El epiplón en el cáncer y la génesis tumoral

Los tumores primitivos del epiplón son raros; no obstante, es un sitio bien conocido de metástasis de carcinomas de los ovarios, estómago y colon. La omentectomía es frecuentemente realizada en los carcinomas epiteliales ováricos, como un medio para la estadificación de la enfermedad, así como para prevenir la recidiva local [31] y ha sido recomendada para los tumores que metastatizan a través de la cavidad peritoneal [32,33].

Aunque el epiplón juega un papel mayor en la diseminación de la célula tumoral mediante el reconocimiento y atrapamiento de la célula en las manchas lácteas, se han realizado pocos estudios que diluciden las reacciones celulares y el mecanismo involucrado.

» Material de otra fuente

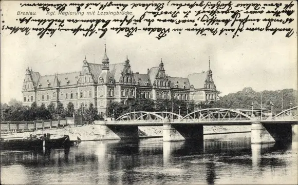 Ak Wrocław Breslau Schlesien, Königliche Regierung mit Lessingbrücke
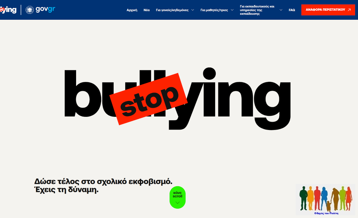 Στην παραπάνω πλατφόρμα, υφίσταται λειτουργικότητα που τιτλοφορείται «αναφορά περιστατικού» για την υποβολή αναφορών περιστατικών ενδοσχολικής βίας και εκφοβισμού.

Intraperitonealmente, células tumorales inyectadas, ubicadas preferencialmente en las manchas lácteas [34], en un número de horas fueron encontradas por macrófagos del huésped con capacidades tumoricidas [35,36]. Por lo tanto, se ha propuesto que la omentectomía debería ser evitada para permitir las acciones citotóxicas de esas células. No obstante, en modelos animales de enfermedad residual mínima, los macrófagos del epiplón fueron incapaces de eliminar efectivamente las células tumorales de la cavidad peritoneal [37]. Como la proliferación de las células tumorales en las manchas lácteas es el primer paso en la progresión a la carcinomatosis peritoneal [38-41], ¿debería la omentectomía ser aconsejada para el manejo de todos los tumores abdominales? O la remoción innecesaria del epiplón alteraría los mecanismos de defensa peritoneal?

Papel del epiplón en la obesidad

La obesidad intraabdominal es reconocida como un factor independiente de riesgo para la enfermedad cardiovascular, diabetes y ciertos cánceres [42,43]. La hipótesis propuesta es que la obesidad causa un estado de inflamación de bajo grado que lleva a la trombosis, aterosclerosis y resistencia a la insulina [44]. La hipótesis inmuno-inflamatoria es adicionalmente apoyada por evidencia de que la grasa del epiplón contiene más macrófagos que otros depósitos grasos [45]. La grasa visceral es funcional y metabólicamente distinta de otros depósitos de tejidos adiposos [46] y los pacientes con grasa intraabdominal tienen niveles plasmáticos más elevados de glucosa y triglicéridos que los pacientes con grasa predominantemente subcutánea [47,48]. En estudios comparativos de tejido adiposo tomado del epiplón y de sitios periféricos, se ha demostrado que la grasa visceral secreta mediadores proinflamatorios, tales como el inhibidor-1 del activador plaquetario, el factor-a de necrosis tumoral (TNF-a), el factor-b de transformación del crecimiento [49,50], complemento [51] y II-18 [52]. A nivel genómico, los estudios de microarray han identificado diferencias en la expresión de genes en la grasa del epiplón, incluyendo un descenso de los genes involucrados en la activación de la lipólisis [53].

Además, el tejido adiposo epiploico es capaz de incrementar los glucocorticoides circulantes, lo que predispone a la obesidad y a la resistencia a la insulina, un proceso que ha sido llamado “enfermedad de Cushing del epiplón” [54].